── Data block
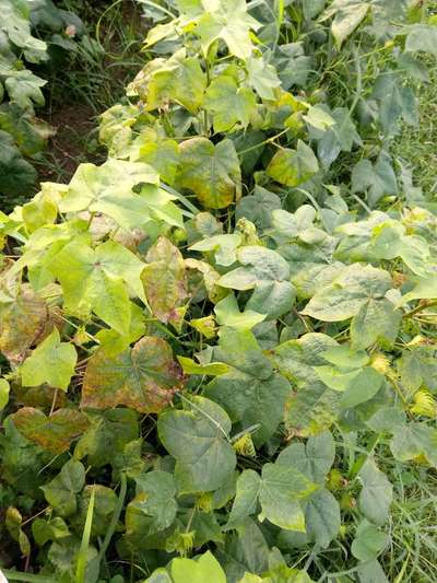 ಹೆಲೋ Mahadevappa Mokaashi. ತಮ್ಮ ಹತ್ತಿ ಬೆಳೆಯಲ್ಲಿ ಕಳೆ ಬೆಳೆದಿರುವಂತೆ ಕಾಣುತ್ತಿದೆ. ಆದಷ್ಟು ಬೇಗ ಆಳುಗಳನ್ನು ಬಳಸಿ ಅಥವಾ ಡೀಜಲ್ ಚಾಲಿತ ಅಥವಾ ಪೆಟ್ರೋಲ್ ಚಾಲಿತ ಕಳೆ ತೆಗೆಯುವ ಯಂತ್ರಗಳು ಬಳಸಿ ಕಳೆ ತೆಗೆಯಿರಿ. ಈ ಚಿತ್ರದ ಪ್ರಕಾರವಾಗಿ ತಮ್ಮ ಹತ್ತಿ ಬೆಳೆಗೆ Iron Deficiency ಮತ್ತು ತೀವ್ರಗತಿಯಲ್ಲಿ 0173/cotton-leafhopper-jassids/">Cotton Leafhopper Jassids ಕೀಟಗಳ ಭಾಧೆ ತಗುಲಿದೆ. ಇವುಗಳ ಹತೋಟಿ ಕ್ರಮಗಳಿಗಾಗಿ ಇಲ್ಲಿ ತೋರಿಸಿದ ಹಸಿರು ಬಣ್ಣದ ಅಕ್ಷರಗಳ ಲಿಂಕ ಮೇಲೆ ಬೆರಳು ಒತ್ತಿ ಪ್ಲ್ಯಾನಟಿಕ್ಸ ಗ್ರಂಥಾಲಯವನ್ನು ಸಮ್ಪರ್ಕಿಸಿ ಗುಣಲಕ್ಷಣಗಳನ್ನು ತಿಳಿದುಕೊಂಡು ಹತೋಟಿ ಕ್ರಮಗಳು ಅನುಸರಿಸಿರಿ.
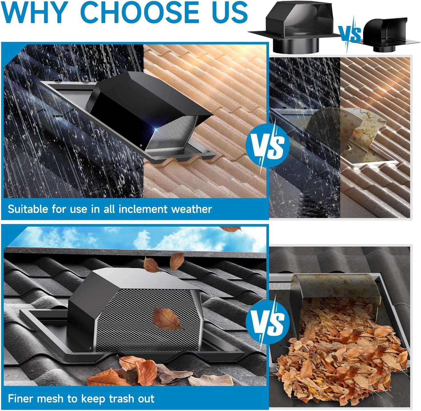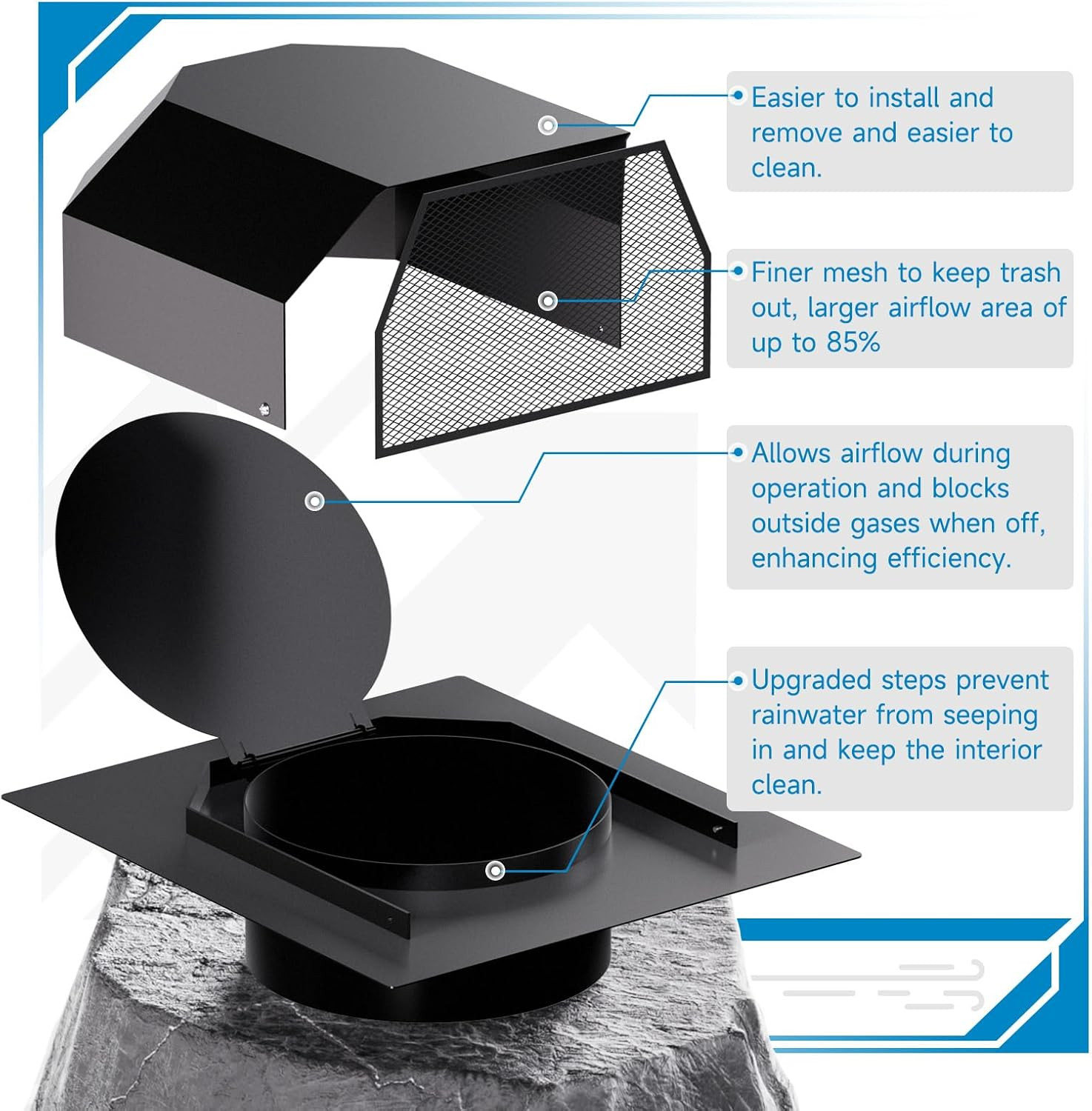 4 Roof Vent Cap w/ Damper Galvanized Steel Exhaust Cover for House HVAC Duct
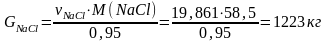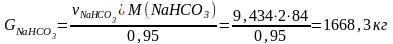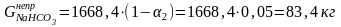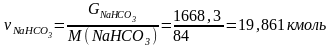 Из предыдущих расчетов получена масса NaHCO3 равная 1668,3 кг и используем её для дальнейших расчетов.
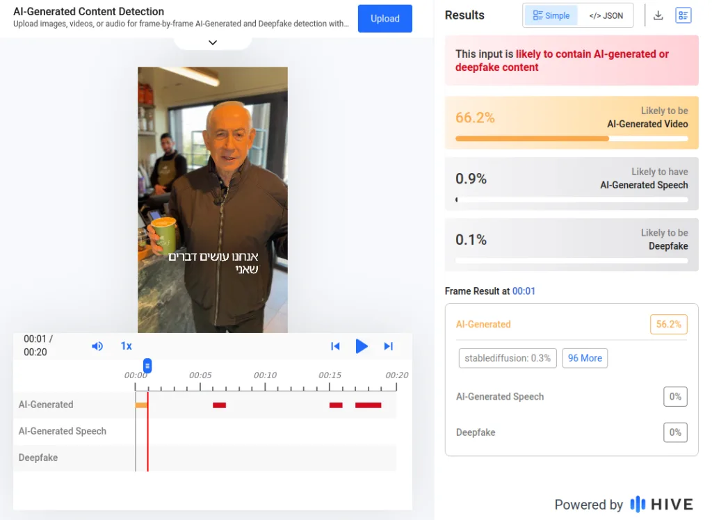 We analyzed the video using the AI detection tool Hive Moderation, and the result indicates a probability of 66.2% that the video is AI-generated.
────
Task item:
The required output is each line above restated verbatim, with all images omitted.

The completed task:
 ಹೆಲೋ Mahadevappa Mokaashi. ತಮ್ಮ ಹತ್ತಿ ಬೆಳೆಯಲ್ಲಿ ಕಳೆ ಬೆಳೆದಿರುವಂತೆ ಕಾಣುತ್ತಿದೆ. ಆದಷ್ಟು ಬೇಗ ಆಳುಗಳನ್ನು ಬಳಸಿ ಅಥವಾ ಡೀಜಲ್ ಚಾಲಿತ ಅಥವಾ ಪೆಟ್ರೋಲ್ ಚಾಲಿತ ಕಳೆ ತೆಗೆಯುವ ಯಂತ್ರಗಳು ಬಳಸಿ ಕಳೆ ತೆಗೆಯಿರಿ. ಈ ಚಿತ್ರದ ಪ್ರಕಾರವಾಗಿ ತಮ್ಮ ಹತ್ತಿ ಬೆಳೆಗೆ Iron Deficiency ಮತ್ತು ತೀವ್ರಗತಿಯಲ್ಲಿ 0173/cotton-leafhopper-jassids/">Cotton Leafhopper Jassids ಕೀಟಗಳ ಭಾಧೆ ತಗುಲಿದೆ. ಇವುಗಳ ಹತೋಟಿ ಕ್ರಮಗಳಿಗಾಗಿ ಇಲ್ಲಿ ತೋರಿಸಿದ ಹಸಿರು ಬಣ್ಣದ ಅಕ್ಷರಗಳ ಲಿಂಕ ಮೇಲೆ ಬೆರಳು ಒತ್ತಿ ಪ್ಲ್ಯಾನಟಿಕ್ಸ ಗ್ರಂಥಾಲಯವನ್ನು ಸಮ್ಪರ್ಕಿಸಿ ಗುಣಲಕ್ಷಣಗಳನ್ನು ತಿಳಿದುಕೊಂಡು ಹತೋಟಿ ಕ್ರಮಗಳು ಅನುಸರಿಸಿರಿ.
 4 Roof Vent Cap w/ Damper Galvanized Steel Exhaust Cover for House HVAC Duct
 Из предыдущих расчетов получена масса NaHCO3 равная 1668,3 кг и используем её для дальнейших расчетов.
 We analyzed the video using the AI detection tool Hive Moderation, and the result indicates a probability of 66.2% that the video is AI-generated.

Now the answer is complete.